Aug 17

Introduction To Usability Testing

Posted by BMT Micro

Reading Time: 3 minutes

 

Usability testing is an easy step to overlook while developing or redesigning your website. After putting hard work into creating something you are certain your customers and potential customers will love, getting someone else to evaluate it can slip your mind. However, it is easy to let little mistakes slip past you, no matter how much effort you’ve dedicated, and a fresh perspective can make a huge difference on ensuring that your website is at its full potential.

What is Usability Testing? Usability testing is a way to evaluate a user’s experience on your website. By testing the usability of your website, you can tell if your website is easy and practical for customers to use. Typically, a test is done where participants complete tasks on the website, while a researcher takes notes. This allows you to see where your website is clear and simple to use, and where you could make some changes.

What are the benefits of Usability Testing? There are some major benefits to usability testing. The first benefit is that is provides you with an unbiased and accurate examination of your website’s user experience. Typically the team running the assessment is detached from your company, so they are unbiased and coming in with a clear mind. It is a convenient way to measure how usable your website is, since all you need is a quiet room and someone taking notes. Usability testing is fairly quick to tell you the pros and cons of your website, making it easier to implement changes needed to improve. It can save you money, as you catch problems early on, allowing your website to be at its best from the start.

How to use Usability Testing: The first step to usability testing is to decide what part, or parts, of your website you want tested. Is there a page or feature you struggled designing or questioned? That might be a good place to start. If you have a pros and cons list before you start, usability testing can help you improve more quickly and accurately. Next, set goals for your participants. Think of common tasks that users will visit your website for. Make sure popular products contact information and FAQs are easy to access. Testing the checkout experience is often a good idea as well.

Your next step should be to create a script. Make everyone aware of their role in the usability testing, what the purpose is, what the tasks are, and some questions to determine how familiar participants are with your website previous to the study. To keep everything unbiased and consistent, use the same script with each participant and testing session. Once you have your script and plan, delegate the roles to all of the participants. The moderator will be running the session, and he or she needs to remain neutral. The moderators job is to make sure that the participants complete tasks and feel comfortable with what they are being asked to do. You will also need a note taker, so that you can keep track of all of the issues participants find, as well as what they liked.
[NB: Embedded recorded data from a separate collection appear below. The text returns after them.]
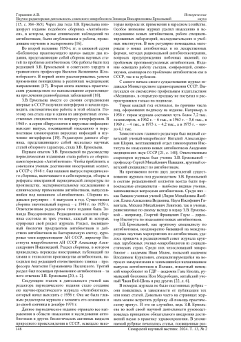 В данной статье впервые реконструируется неизвестная сторона в биографии видного советского ученого-микробиолога - академика медицины, профессора, доктора медицинских наук Зинаиды Виссарионовны Ермольевой (1898-1974), связанная с ее деятельностью по осуществлению редакционного руководства в издании сборников научных статей, периодических сборников переводов, обзоров и рефератов иностранной периодической литературы, а также научно-практического журнала «Антибиотики». Основной тематикой изданий, в которых З. В. Ермольева выступала в качестве научного редактора, была проблема антибиотиков (пенициллин, стрептомицин и ряд других) и интерферона. В качестве основных источников используются неопубликованные документы Государственного архива Российской Федерации и Российского государственного архива экономики, а также материалы сборников статей и периодических изданий, публиковавшихся в 1940-1970-е гг. под редакцией З. В. Ермольевой. В представленной публикации анализируется характер научных изданий и их тематическое наполнение. Характеризуется значение научно-практического журнала «Антибиотики» для науки и практики медицины, освещается характер его выпуска, публикации статей и география авторов и их учреждений, которые они представляли; рассматривается состав редакционной коллегии и редакционного совета, а также роль З. В. Ермольевой в руководстве журналом.
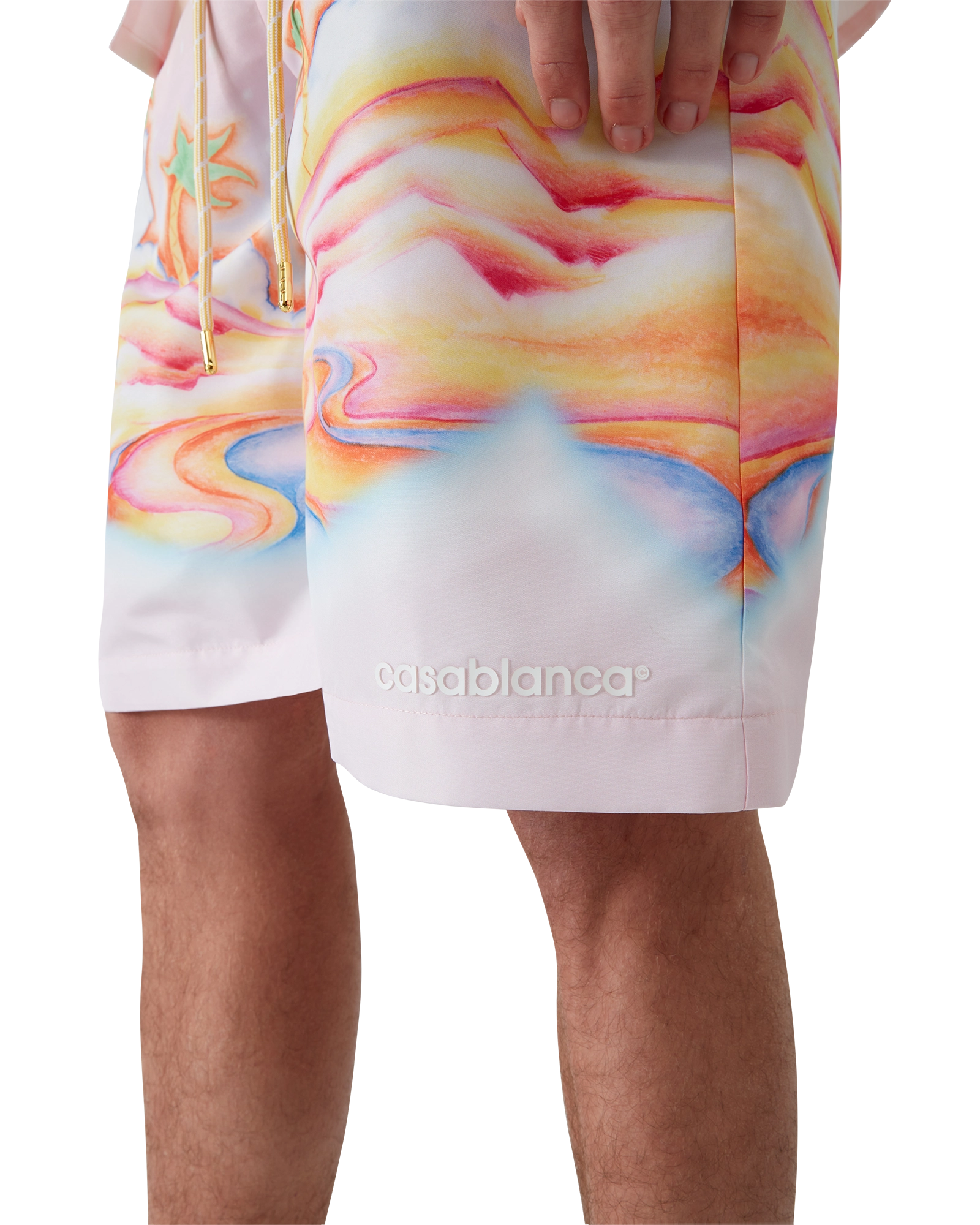 The Psychedelic Nirvana swim shorts are a knee-length design crafted from printed swim fabric featuring signature artwork inspired by ’70s airbrushed surfboards in California. using pastel colours that give the print an almost dream-like. idealistic feeling. Completed with an elasticated waistband. drawstring fastening. front pockets and a net lining.
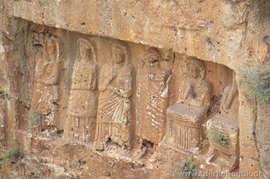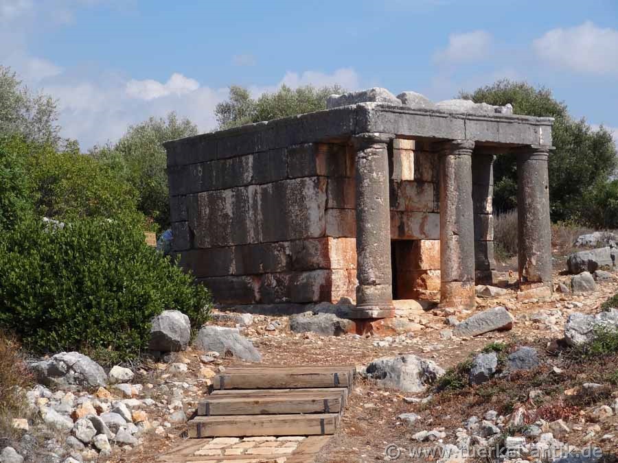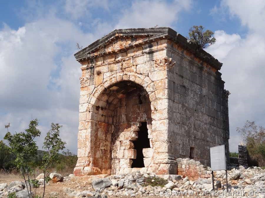 Etwa auf gleicher Höhe wie das Dreisäulengrab befindet sich weiter westlich das Tempelgrab der Aba, einer reichen Dame, die sowohl den Ehemann wie auch ihre beiden Söhne vermutlich im Kampf oder durch eine Seuche verloren hatte. Auf dem Torbogen war eine Inschrift angebracht, die sowohl den Namen der Stifterin wie auch den Ortsnamen "Kanytelleis" enthielt. |
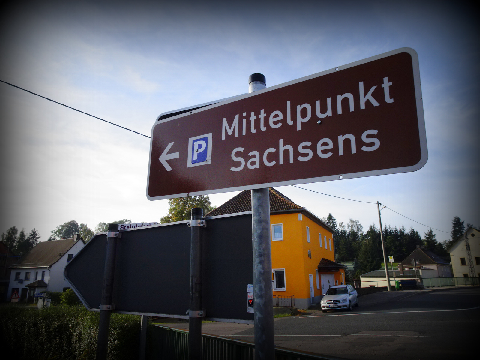 Die nächste verlockende Ablenkung steht in Naundorf, wo ein Schild auf den Mittelpunkt Sachsens hinweist.
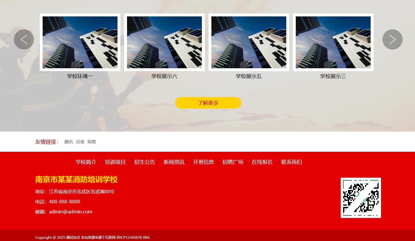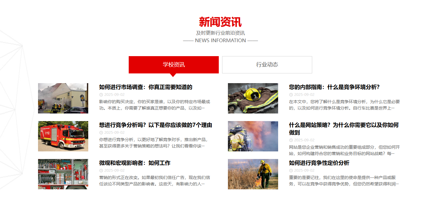 此为PbootCMS内核开发的消防培训网站模板,PC与WAP端数据同步,支持自定义SEO。代码精简无冗余,有自适应结构与全面教程。后台修改信息便捷,安全稳定快速,助培训机构低成本获取源源不断订单。
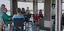 When not touring around the small towns, Russell could be found either in the Ladies’ Parlor, the Men’s Card Room or the Mark Twain Gallery, writing away on the blog. Folks assumed he was working and teased him a bit. But once it was discovered that we were writing a blog, folks wanted our info so they could read it. We even had some come up to us later to say they had started reading it on the boat. One couple forgot their camera, so we gave them our card and told them to contact us for photos.
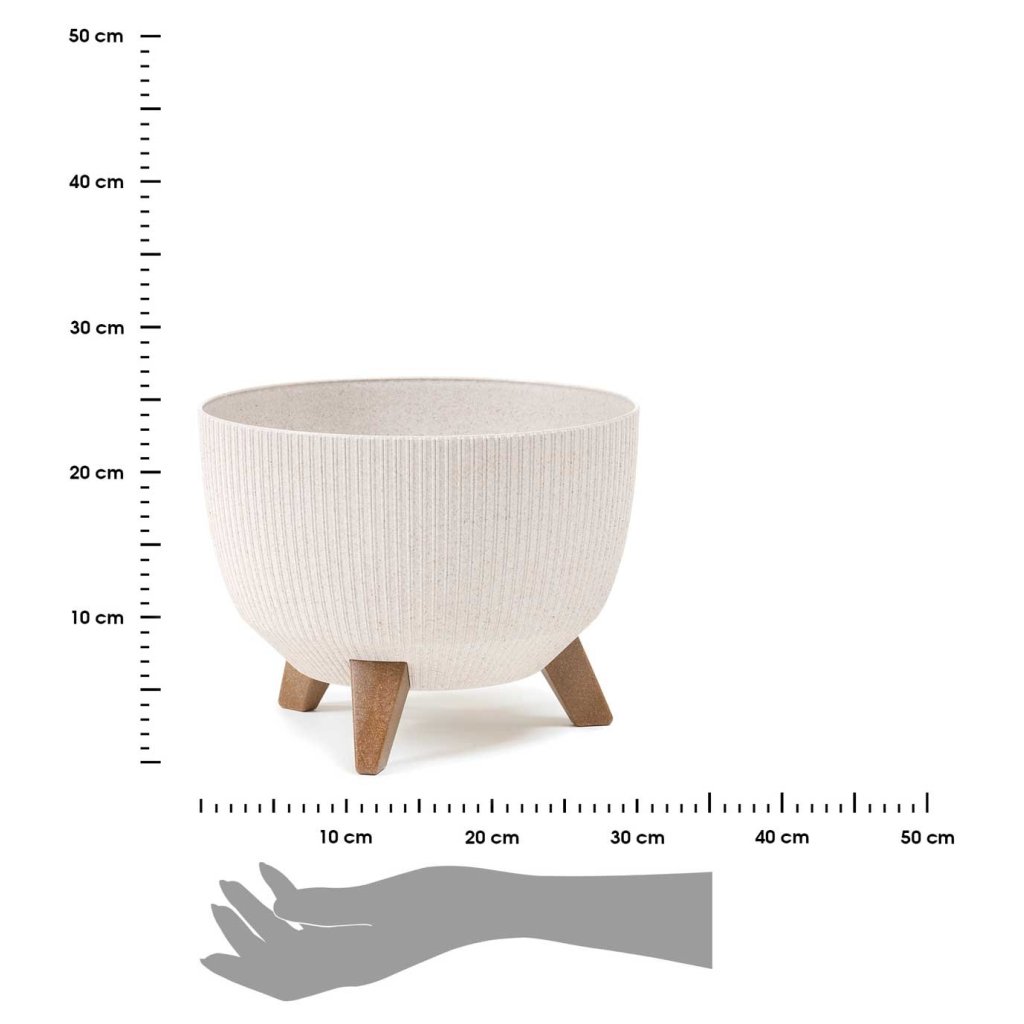 Květináč, který zaujme svým designem a praktičností. Jeho moderní styl z něj činí krásnou dekoraci na každou terasu, balkon, také je ideální do každého interiéru v domácnosti. Design dokonale ladí se zelenými rostlinami, které spolu vytvářejí harmonii estetiky a funkčnosti. Díky dřevěným nohám působí květináč noblesním dojmem.Produkt se pyšní odolností, při které konstrukce zajišťuje bezpečnost rostlin. Květináč je vyroben z pevného plastu, nepraská, nedeformuje se ani nevybledne vlivem povětrnostních podmínek. Navíc květináče s dekorem dřeva obsahují značný podíl recyklovaného dřeva.
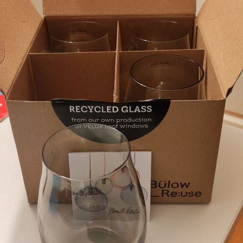 6 glas fra Pernille Bülow- aldrig brugt - 6 forskellige farver - højde 10 cm - diameter 7,5 cm sælges samlet for 275kr
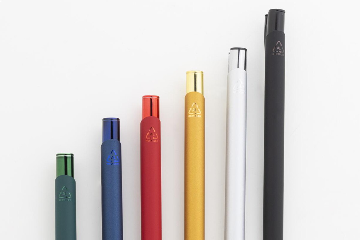 Shinnel długopis to nowoczesny, a zarazem elegancki gadżet, który natychmiast zwraca uwagę dzięki matowej, gumowanej obudowie i połyskującym, metalowym detalom w sześciu modnych kolorach: zielonym, niebieskim, złotym, czerwonym, srebrnym oraz czarnym. Korpus wykonany z aluminium z recyklingu waży zaledwie 14 g i ma długość 137 mm, co sprawia, że jest niezwykle poręczny. Dzięki specjalnej powłoce do lustrzanego grawerowania każdy nadruk lub logo prezentuje się tu perfekcyjnie, stapiając się kolorystycznie z metalowymi akcentami ✨.
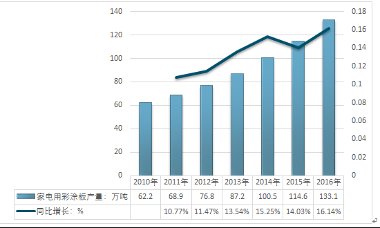 2010-2016年中国家电用彩涂板市场产量及增速情况
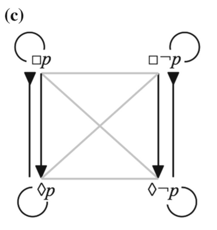 - The a opposition, b Aristotelian and c implication square for $\{\Box p, \Diamond p, \Box\neg p, \Diamond\neg p\}$
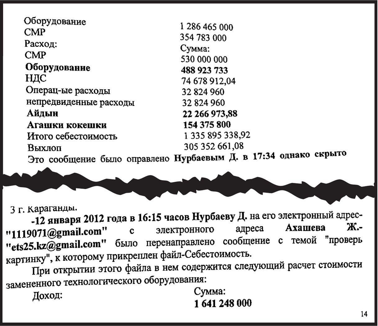 12 января 2012 года в 16 часов 15 минут Нурбаеву пришло письмо с электронного адреса некого АХАШЕВА Ж. с темой “проверь картинку”. К нему был прикреплен файл с названием “Себестоимость”. В нем содержался расчет стоимости замененного технологического оборудования:
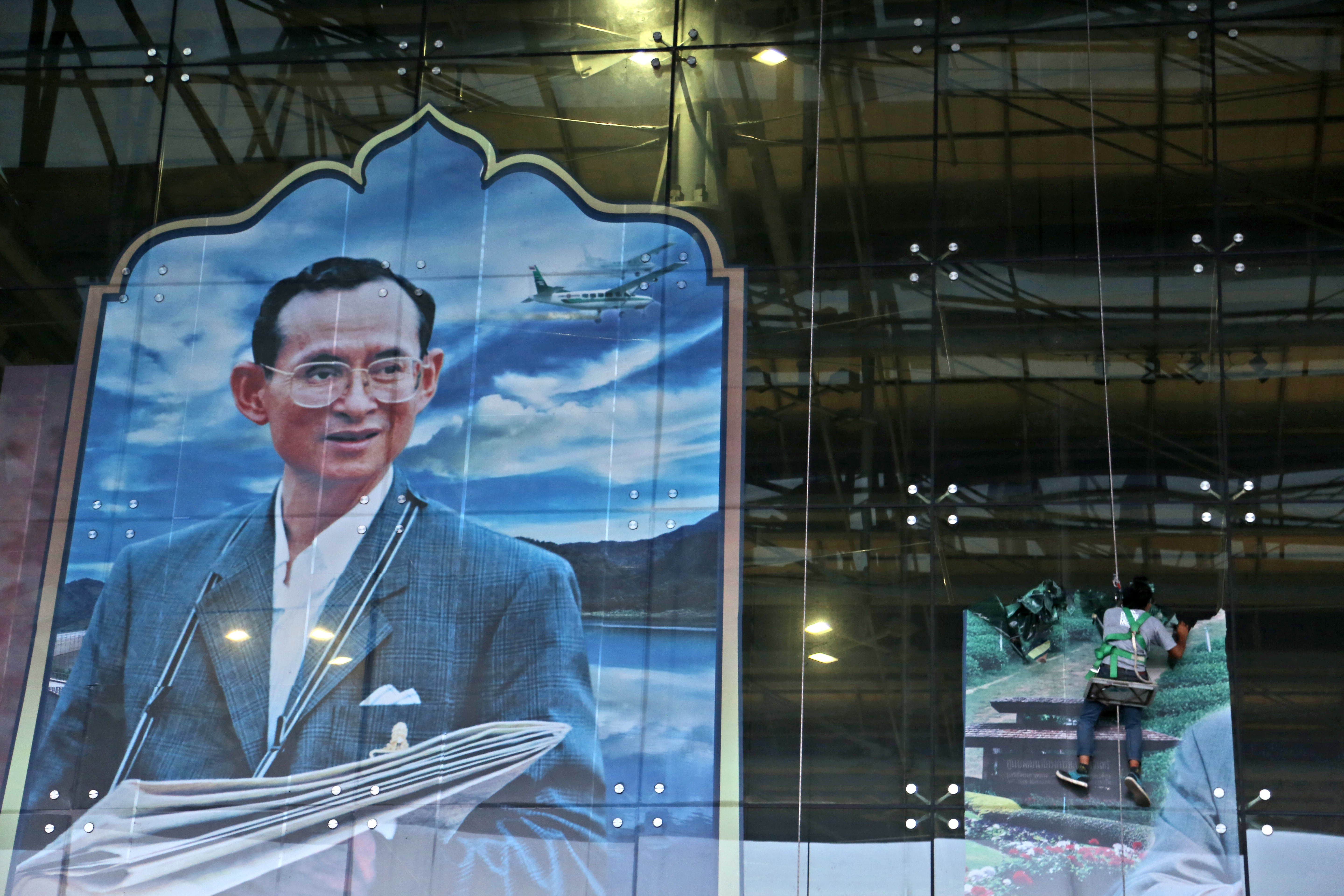Workers move a photograph of Thai King Bhumibol Adulyadej on a window at Bangkok’s International Airport Thursday, Oct. 13, 2016. Hundreds of tearful Thais were continuing to offer flowers and chant prayers on Thursday for King Bhumibol Adulyadej outside the Bangkok hospital where the world’s longest-reigning monarch is being treated for multiple health problems. (AP Photo/Mark Baker)
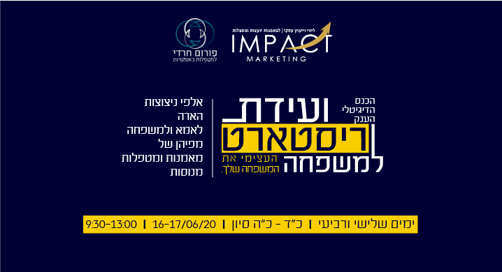 ועידת ריסטארט להעצמה והובלה של כל המשפחה הגרעינית קדימה. 14 מטפלות ומאמנות בהרצאות מרתקות על מגוון נושאים המשותפים לכל משפחה: זוגיות, גידול ילדים, ויסות חושי, מתבגרים, קשב וריכוז, ערך עצמי, שליטה ועוד..
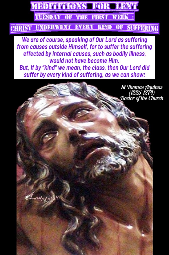 But, if by “kind” we mean, the class, then Our Lord did suffer by every kind of suffering, as we can show in three ways:
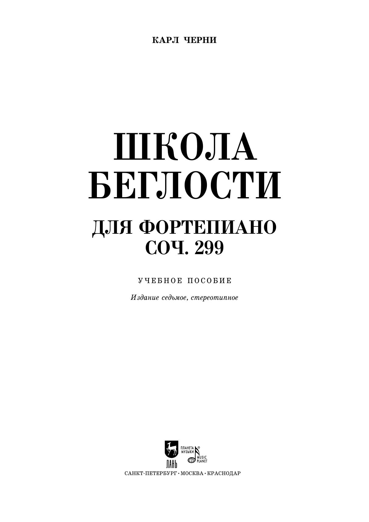 Сборник этюдов Карла Черни «Школа беглости» (op. 299) принадлежит к числу известнейших сочинений мирового уровня, направленных на развитие фортепианной техники. Этюды широко используются в учебной практике музыкальных школ, лицеев, училищ и являются неотъемлемой составляющей в воспитании пианистов-виртуозов. Художественная ценность и техническое разнообразие сочинений справедливо принесли автору всеобщее признание и славу.
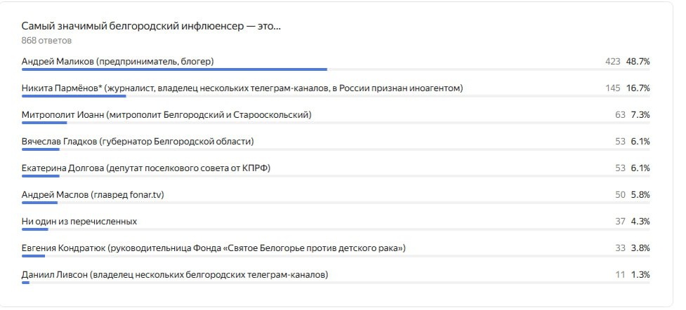 Готовы узнать имя главного белгородского инфлюенсера по версии наших подписчиков? Редакция «Фонаря» подвела итоги опроса, с помощью которого определяла самого значимого белгородского инфлюенсера. В опросе поучаствовали более 860 раз. Желающие могли отдать свои голоса за восьмерых кандидатов. И вот каким образом распределились голоса. Совпали ли ваши ожидания с реальностью👍 или нет👎

After you have the script and roles set up for your usability testing, recruiting participants is the next step. This tends to be the most difficult step, as you are testing a small sample size to represent your whole user base. To find your ideal participants, create a buyer persona and reach out to customers that fit those guidelines. Offer them a discount or gift for participating in your usability testing. If they like your company enough to help you, they will be glad to get a reward of your product or service. Once you have your participants screened out,you are ready to conduct the study. While you are conducting the study, ask participants to complete tasks without your help. It is often beneficial to ask them to “think out loud” as well, so that you are able to hear their opinions as they navigate your website. After they complete a task, ask for feedback before moving on to the next task. This allows you to get the most accurate information. At the end offer them a survey letting you know what they liked and did not like, if they would recommend your product or service to a friend, and how difficult the tasks were to complete. Once you are done with the study, you will have a lot of qualitative data. Analyzing your data will help you pinpoint problem areas, especially if many participants report the same problems.

Although usability tests are a lot of work, they are a great way to have a quality website from the start. Having a wonderful product or service is simply not enough if your website does not live up to customer’s expectations. Letting others review and critique your website can be nerve wracking after you put in so much effort, but working as a team will help ensure that your website is up to its full potential.